For the study, the authors analyzed data on 1,817 nursing home residents who died between 1992 and 2006. The residents were participants in the Health and Retirement Study, an ongoing nationally representative longitudinal study of health, retirement, and aging sponsored by the National Institute on Aging.
The average age of participants when they moved to a nursing home was about 83. The average length of stay before death was 13.7 months, while the median was five months. Fifty-three percent of nursing home residents in the study died within six months.
Men died after a median stay of three months, while women died after a median stay of eight months.
From Steve Tokar, "Social Support is Key to Nursing Home Length of Stay Before Death", Patient Care (August 24, 2010) (emphasis added).
The mortality differences based on sex in COVID deaths (about 60% are men) also mirrors the sex differences in survival durations for nursing home residents.
The good news is that the proportionate impact of COVID on lost years of life may be much more modest than it is in the raw number of deaths. Lots of people who are dying of COVID had short life expectancies, in a large share of cases, median life expectancies of less than a year. Many people who die of COVID would have died of something else in the near future if they hadn't died of it.
Does This Help Explain The Geography Of COVID Outbreaks?
Western Europe and North America have been much harder hit by COVID than most of the rest of the world, especially when considering deaths per million people, a measure that is insensitive to testing rates and the extent to which testing is targeted well.

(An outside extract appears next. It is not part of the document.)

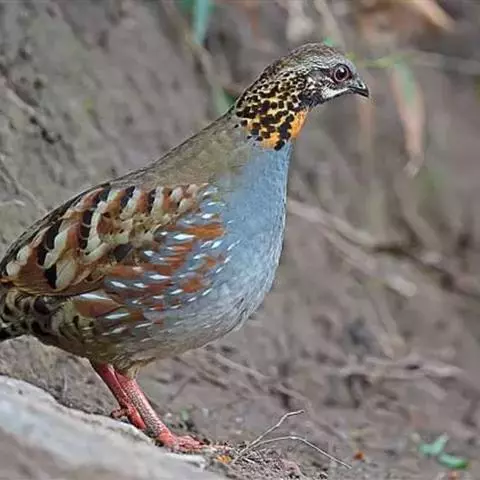 体大的灰褐色鹑类。胸灰色具黑色细纹。与相似种类四川雉鹑不同处在于栗色喉块外缘近白。有猩红色眼周裸皮。…

The pre-existing condition theory might help to explain this pattern.
First, the "age pyramid" in most of the rest of the world is much more bottom heavy. Most other countries have more young people and fewer older people, proportionately.

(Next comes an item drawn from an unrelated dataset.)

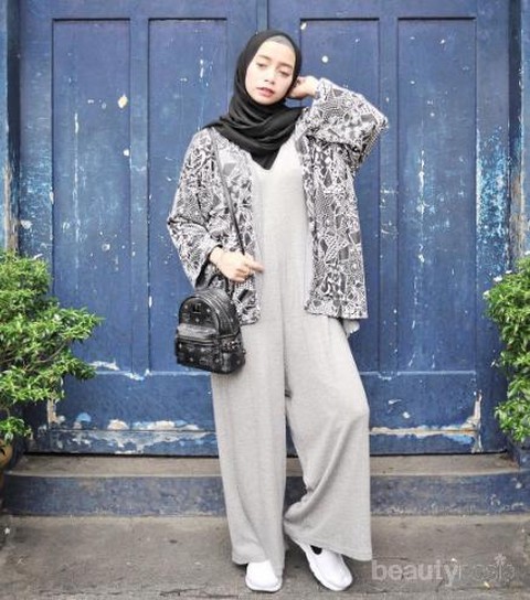Si imut Joyagh selalu menarik perhatian dalam setiap penampilannya. Lihat saja gayanya saat memadukan outer bermotif perpaduan warna grey tua dan muda dengan jumpsuit dengan warna senada. Untuk menyempurnakan penampilannya, ia memilih menggunakan sport shoes berwarna putih serta tas dan hijab warna hitam. Kekinian banget bukan?

Second, many countries outside Western Europe and North America don't warehouse their sickest of the sick in nursing home-like facilities with the very least healthy of old and disabled in them. This reduces transmission and infection rates among the very vulnerable.

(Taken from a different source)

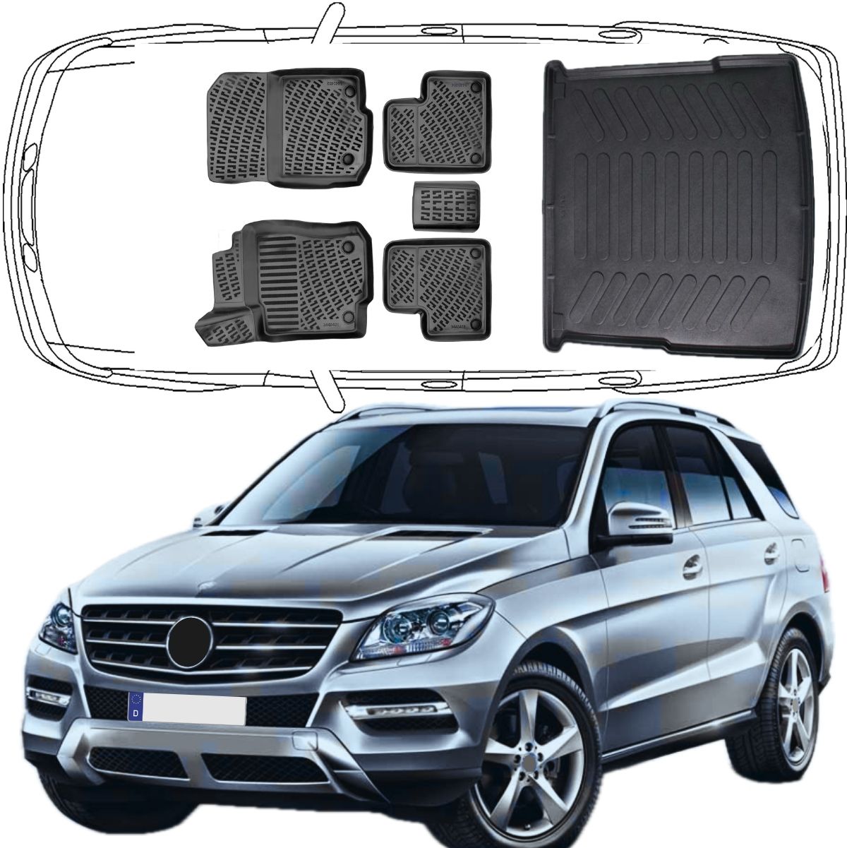 3D Auto Fußmatten & Kofferraumwanne Set Kompatibel mit Mercedes ML W166 2011-2018

Third, it is also probably a reality in most of the world that most people unwell enough that they would be admitted to nursing homes in Western Europe and North America, instead die at home a few months to a year or so on average than they would have with the comparatively intensive paramedical attention that they receive in a nursing home. So, the group of people with an odds ratio of death from COVID on the order of 50 to 100 times that of the general population makes up a much, much smaller share of the total population in places outside Northern Europe, like India, Indonesia, and Africa.
Could very high exposure rates explain deaths among the quite small percentage of deaths among healthy younger people?
There are cases of seemingly healthy people dying of COVID with no apparent pre-existing conditions. But, the other common thread there in many of those cases seems to be extremely high levels of exposure. For example, ER doctors and COVID ward nurses, and public transit workers in areas with very high infection rates, seem to make up many of these cases.